Ask MBACTION – Forks & Wheels


Q: Would you please tell me all you can about the new 2018 RockShox Reba A7 29er with 120 millimeters of travel and a 15×100 thru-axle? I have a Marin Iron Springs 9.5 bought through Performance Bicycle that has the exact same frame geometry as the 2016 Marin Nail Trail 9.6. Only the Nail Trail had a 100-millimeter fork, and my bike has a 120-millimeter fork.

—Luke, who has a really vague fork question

A: The Reba fork comes with some pretty solid features. It has tapered aluminum stanchion tubes that save weight over the steel ones they use in every entry-level fork. It also has a hollow crown and the impressively simple and effective Solo Air system, which you find on many of RockShox’s high-end forks. So, the takeaway is that the chassis and air spring are on par with the best in the RockShox lineup; however, the Reba is not a top-of-the-line fork. RockShox puts its Motion Control RL damper in this fork, which is an older and simpler technology than the Charger damper RockShox runs in its high-end models.

The Motion Control damper was the top offering at one point. It’s an open-bath system that works very well in our experience. It’s simple, smooth and reliable. The new Charger damper is a sealed system that is more adjustable, more consistent and requires very little maintenance, but, as we said, we would not steer you away from riding the Motion Control damper if that’s what’s in your budget. It works well and even comes with a remote lockout option if that’s your thing.

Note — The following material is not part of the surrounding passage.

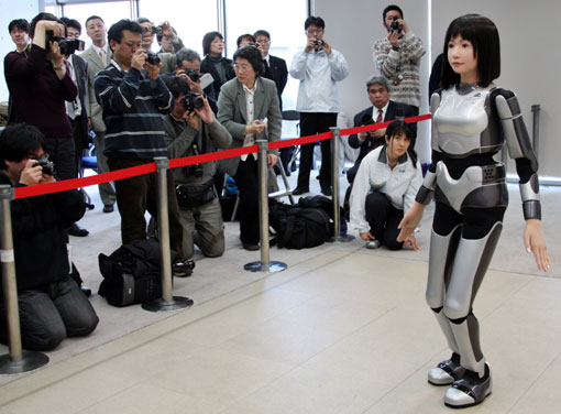 日本科学家最近展示了一名机械黑发美女,她不仅能说话,可行走具有丰富的表情,还能在舞台上走猫步。这个外表亮丽的类人机器人名为“HRP-4C”,它的体内装有30个发动机,能够帮助它行走和移动手臂,面部的8个发动机则赋予它愤怒、惊讶等表情。
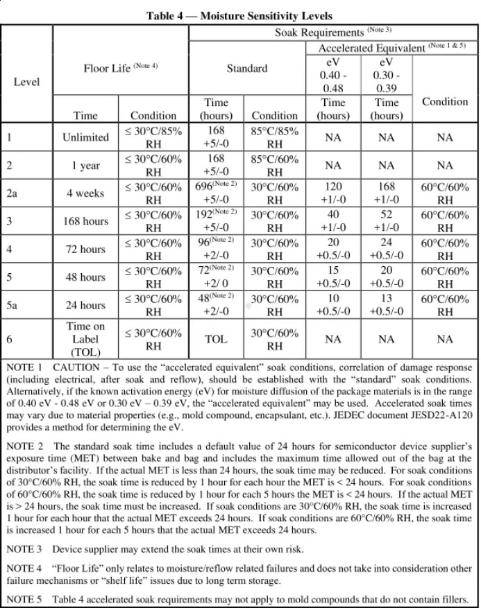 MSL 2:元件可以在不超過30°C和60%相對濕度的環境下存放一年,而不會對其性能產生影響。

Bottom line: the Reba is the technology that would have been considered “absolutely top of the line” 10 years ago. The new stuff is cool, but with the Reba, you’re getting 90 percent of the performance at half the price of the top-shelf offerings from RockShox.

As for the travel question, we typically recommend sticking with the stock fork travel in most cases. If your frame was designed to accept an extra 20 millimeters of travel, the longer fork will slack out the head angle and raise the bottom bracket slightly. This may sound like a tiny change, but if you’re used to your bike, you will feel the difference with slightly slower steering and a slightly higher center of gravity.


I have a 1 1/2-year-old Pivot Mach 6. Wonderful bike; I plan to ride it for 10 years. I want to give myself the gift of an upgrade from an aluminum to a carbon wheelset. What am I going to have to spend to get a relatively high-quality set? Can it be in the $1000 to $1500 range? What brands/models do you recommend?

—Pete, who is ready to upgrade and indulge

A: Inexpensive carbon wheels are a bit of an oxymoron. Most single carbon rims will set you back almost a grand, which obviously puts you out of your price range. That said, though, there are some that fall within your budget. Box Components makes a set of wheels that falls right at the edge of your $1500 price range. The .one. wheels come with a 26-millimeter inner width, a quick 10-degree engagement and have the 148-millimeter Boost axle spacing you will need for your Mach 6. We’re actually testing a pair of these wheels for a future issue, and it’s going well so far. Start there.

We have also had great luck with RideFast Racing and their Hotline wheels. RideFast is a newer company based out of Southern California. The Hotline’s retail for $1,400 and are very sturdy. RideFast laces all their wheels in house, uses a titanium free hub body, and a rear hub that is made in California. You can check out our wheel Buyer’s Guide that has some other options within your price range.